27 Aug Virtual Currency Transactions and Bitcoin Investment Issues under U.S. Tax Law
“Virtual currency” is a digital representation of value that can be exchanged into traditional legal tender. For example, bitcoins may be purchased and converted into U.S. dollars. Bitcoins can also be used to pay for goods or services, or they can be held for investment like a capital asset. If bitcoin is held as a capital asset, then it is treated similar to stocks and bonds for tax purposes. This means that the taxpayer will recognize a capital gain or loss upon the sale or exchange of the virtual currency.
Virtual Currency Reporting Requirements
Every time a person spends or uses virtual currency, each purchase or use is treated as an independent disposition of property that triggers the realization of gain or loss. Each realization of gain or loss is a taxable event that may need to be reported as income to the IRS by a party to the transaction. For example, a payment made using virtual currency is subject to information reporting to the same extent as any other payment made in property.
Generally, businesses are required to report any payments that they make to employees or independent contractors if the virtual currency is valued at $600 or more. Payments of virtual currency that are required to be reported should be reported using the fair market value of the virtual currency in U.S. dollars as of the date of payment. Likewise, the payment recipient should include the fair market value of this payment in gross income upon the date of receipt.
Similarly, third parties that contract with unrelated merchants to settle payments, such as PayPal and Steam, are required to report payments made to a merchant if, for the calendar year, both (1) the number of transactions settled for the merchant exceeds 200, and (2) the gross amount of payments made to the merchant exceeds $20,000. This is significant because merchants that receive these payments, which are reported by third parties, are not subject to future John Doe summonses, i.e., subpoenas for the financial records of individuals that are unknown to the IRS.
Coinbase Litigation (July 2017 Update)
Coinbase is an online platform that deals in virtual currency. It exchanges currency on behalf of its users and provides digital wallets for bitcoin. On November 17, 2016, the United States filed a petition to serve a John Doe summons on Coinbase, Inc. The original summons sought information regarding anyone who, at any time, conducted transactions in a virtual currency between 2013 and 2015. Coinbase has a financial interest as a company to ensure that the IRS investigation does not negatively impact its financial profits or its valuation. Its user base, on the other hand, has a very personal interest in maintaining their privacy in the financial documents that the IRS is seeking to obtain with the John Doe summons.

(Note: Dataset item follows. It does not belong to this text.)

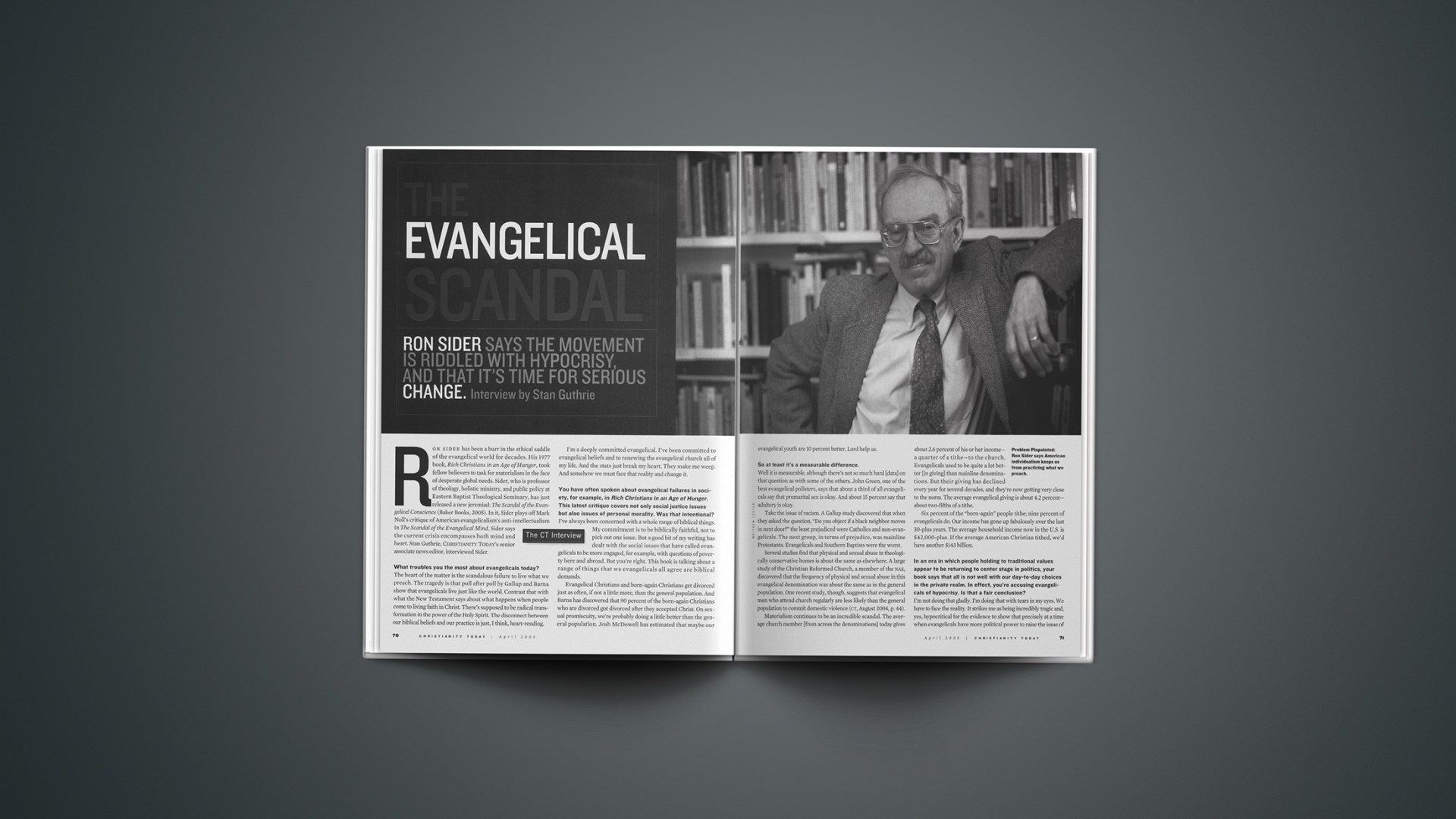 Ron Sider has been a burr in the ethical saddle of the evangelical world for decades. His 1977 book, Rich Christians in an Age of Hunger, took fellow believers to task for materialism in the face of desperate global needs. Sider, who is professor of theology, holistic ministry, and public policy at Eastern Baptist Theological Seminary, has just released a new jeremiad: The Scandal of the Evangelical Conscience (Baker Books, 2005). In it, Sider plays off Mark Noll’s critique of American evangelicalism’s anti-intellectualism in The Scandal of the Evangelical Mind. Sider says the current crisis encompasses both mind and heart. Stan Guthrie, Christianity Today‘s senior associate news editor, interviewed Sider.

After the Court heard oral argument in U.S. v. Coinbase, Inc., the IRS narrowed its subpoena. In particular, the IRS now only seeks information for users with at least the equivalent of $20,000 in virtual currency transactions for any taxable year during the 2013-2015 period. Further, the IRS does not seek records for users for which Coinbase reported payments made to merchants during this period or for users whose identity is otherwise known to the IRS. As a result, the John Doe summons will no longer target most of the users operating in compliance with virtual currency reporting requirements.
What if I hold my Bitcoin overseas?
It is unclear whether holding bitcoin in a foreign exchange (as opposed to a U.S. exchange like Coinbase) is a foreign financial account that requires the taxpayer to file a Report of Foreign Bank and Financial Accounts (FBAR). To date, the IRS has not published guidance on the treatment of virtual currency in accounts overseas, so practitioners are prone to err on the side of caution by over-reporting. This demonstrates the continuing need for the IRS to publish additional guidance to clearly define the rules under which taxpayers may face penalties for noncompliance.
In fact, in May of 2017, the Senate Committee on Finance and the House Committee on Ways and Means asked whether the IRS will consider a de minimis exemption or other action to remove practical obstacles to the use of virtual currencies. For example, some tax practitioners propose that Congress codify a de minimis exception for gain and loss, or even limit the recognition of gain or loss to when investors “off-ramp,” meaning when they convert their virtual currency back into U.S. dollars.
This is because the current tax treatment, where every purchase or use is treated as a disposition of property, is considered by some to be too burdensome for the day-to-day transactions for which most virtual currencies were intended. Instead, taxpayers are being incentivized by the current tax treatment to hold onto their virtual currency like a capital asset in order to receive the more preferential tax treatment available for capital gains.
Remaining Issues under U.S. Tax Law
Taxpayers require additional guidance regarding several types of virtual currency transactions, including the determination of fair market value during periods of high volatility, the treatment of the costs of mining and acquiring virtual currency, and other property transaction rules as they apply to virtual currencies. Clear guidance in this area will improve taxpayer compliance, protect taxpayer privacy, lower transaction costs, and boost economic efficiency. As a result, this is one of the areas of tax law where practitioners agree that clients would benefit greatly from further statutory and regulatory clarification.